On this story, one final observation. In recent months, we have seen the vice president of the United States roundly criticized for what the press mocks as the Mike Pence rule, the rule that the vice president has had not only in his current office but in previous office that he is alone only with his wife and with no other woman. As I said, that has been routinely mocked. Of course, it’s not really the Mike Pence rule. Before that, it was associated with others including the late evangelist, Dr. Billy Graham, but before that, it was already a part of Christian common sense.

The secular world dismisses it as unrealistic and furthermore, repressive and discriminatory against women. Let’s just note the plain moral fact in this case. Here, you had a married woman as the mayor of Nashville traveling alone with a married man, and traveling all over the world in situations where it was not only professional but quickly turned personal. This was made clear in a statement made by the now resigned police officer who also pleaded guilty to the same kind of charges of felony theft. He said, and I quote, “I deeply regret that my professional relationship with Mayor Barry turned into a personal one.” He went on to say, “This has caused great pain for my wife, my family, friends, and colleagues.” Finally, he said, “At no time did I ever violate my oath as a police officer or engaged in actions that would abuse the public trust.”

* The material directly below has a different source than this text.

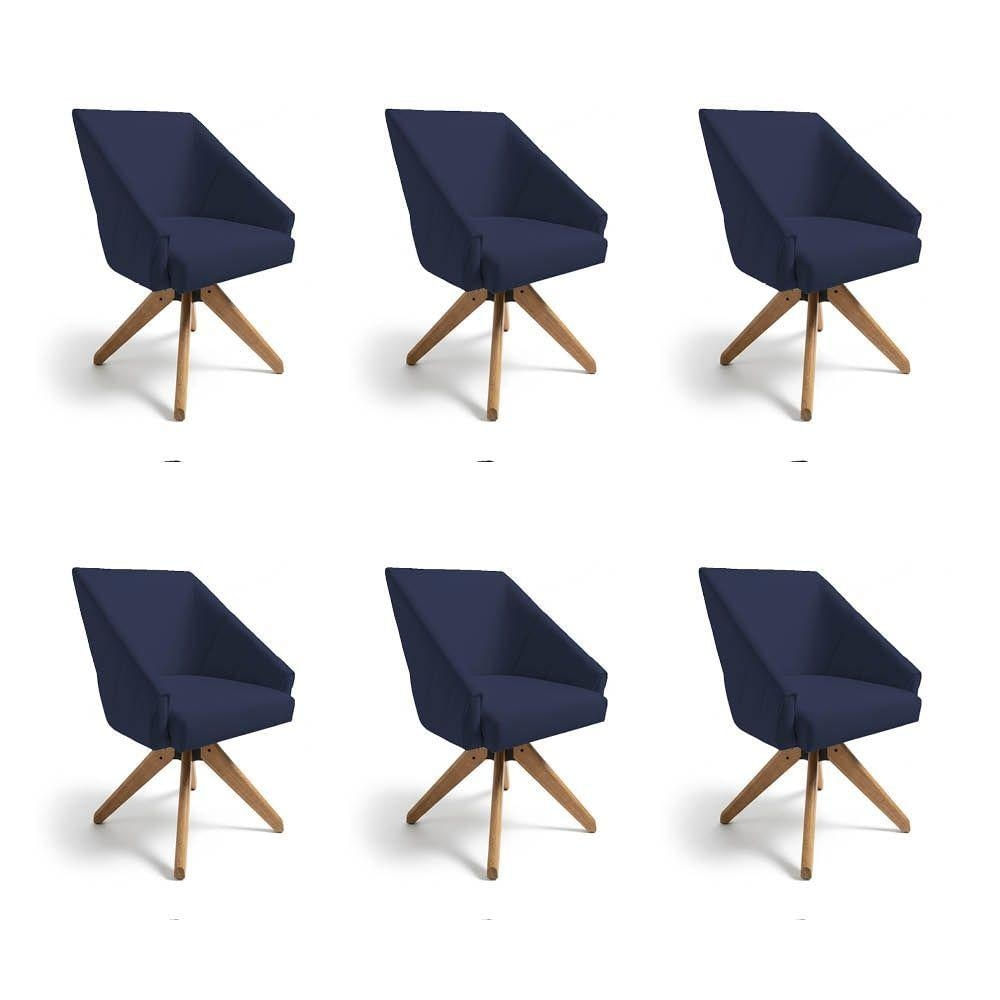 Kit 6 Poltronas Giratórias Alana Veludo Base De Madeira - Pallazio Cor Azul Marinho

Well, we now know that that statement is profoundly false even as indicated by the guilty plea, but here’s something else. We need to note that this police officer, now a former police officer, said at no time did he violate his oath as a police officer. Well, we know that’s not true, but we also know something that’s even more importantly true. In the admission that he made when the original scandal broke, he revealed and admitted that he had broken an even more fundamental oath, indeed a fundamental vow. It was the vow of marriage that he had made and adultery was the crime against that vow. We are a society that tries to say that as important as other moral matters are, adultery is really not all that consequential, but I don’t believe the society means it as reflected in the fact that if you trace the morality, not just the money, you get back to adultery.



Part II


Why it’s important to understand that culture produces politics, not the other way around

Next, we turn to a rather constant, urgent, and necessary conversation that preoccupies our culture every two years. That, of course, is our political conversation. Every four years in a presidential election, but every two years, even in the midterm elections as are scheduled now for November, but between now and then, this is going to be a constant chatter. Much of it will be very important. Americans tend to tune out midterm elections and the related issues far more than presidential election years and the associated campaigns. Between now and November, there’s going to be a constant conversation about what might happen, what will happen, and eventually, what did happen, and at every stage, what it means.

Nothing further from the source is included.